URFM: A general Ultrasound Representation Foundation Model for advancing ultrasound image diagnosis.
Authors
Affiliations (8)
Affiliations (8)
- West China Biomedical Big Data Center, West China Hospital, Sichuan University, Chengdu 610041, Sichuan, China.
- Med-X Center for Informatics, Sichuan University, Chengdu, Sichuan 610041, China.
- West China Hospital-SenseTime Joint Lab, Chengdu, Sichuan 610041, China.
- School of Artificial Intelligence, Beijing University of Posts and Telecommunications, Beijing 100876, China.
- Stork Healthcare, Chengdu 610041, Sichuan, China.
- Department of Ultrasonography, West China Hospital, Sichuan University, Chengdu 610041, Sichuan, China.
- School of Biomedical Engineering, Tsinghua University, Beijing 100084, China.

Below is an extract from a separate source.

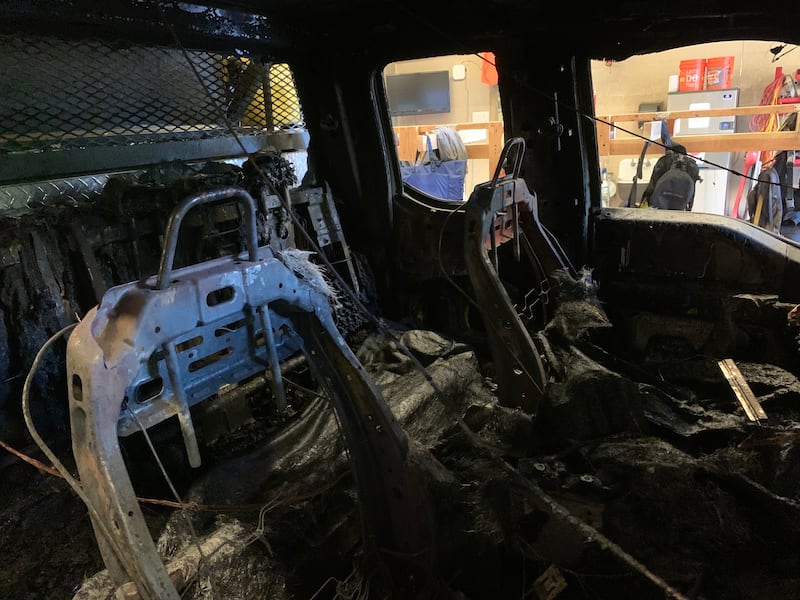 Emergency crew members noticed the fire around 6 p.m. when they smelled smoke in the building, and a ranger looking through the bay windows spotted that the truck’s cab was on fire.

- Sichuan University - Pittsburgh Institute, Sichuan University, Chengdu, Sichuan 610207, China.
Abstract
Ultrasound imaging is critical for clinical diagnostics, providing insights into various diseases and organs. However, artificial intelligence (AI) in this field faces challenges, such as the need for large labeled datasets and limited task-specific model applicability, particularly due to ultrasound's low signal-to-noise ratio (SNR). To overcome these, we introduce the Ultrasound Representation Foundation Model (URFM), designed to learn robust, generalizable representations from unlabeled ultrasound images, enabling label-efficient adaptation to diverse diagnostic tasks. URFM is pre-trained on over 1M images from 15 major anatomical organs using representation-based masked image modeling (MIM), an advanced self-supervised learning. Unlike traditional pixel-based MIM, URFM integrates high-level representations from BiomedCLIP, a specialized medical vision-language model, to address the low SNR issue. Extensive evaluation shows that URFM outperforms state-of-the-art methods, offering enhanced generalization, label efficiency, and training-time efficiency. URFM's scalability and flexibility signal a significant advancement in diagnostic accuracy and clinical workflow optimization in ultrasound imaging.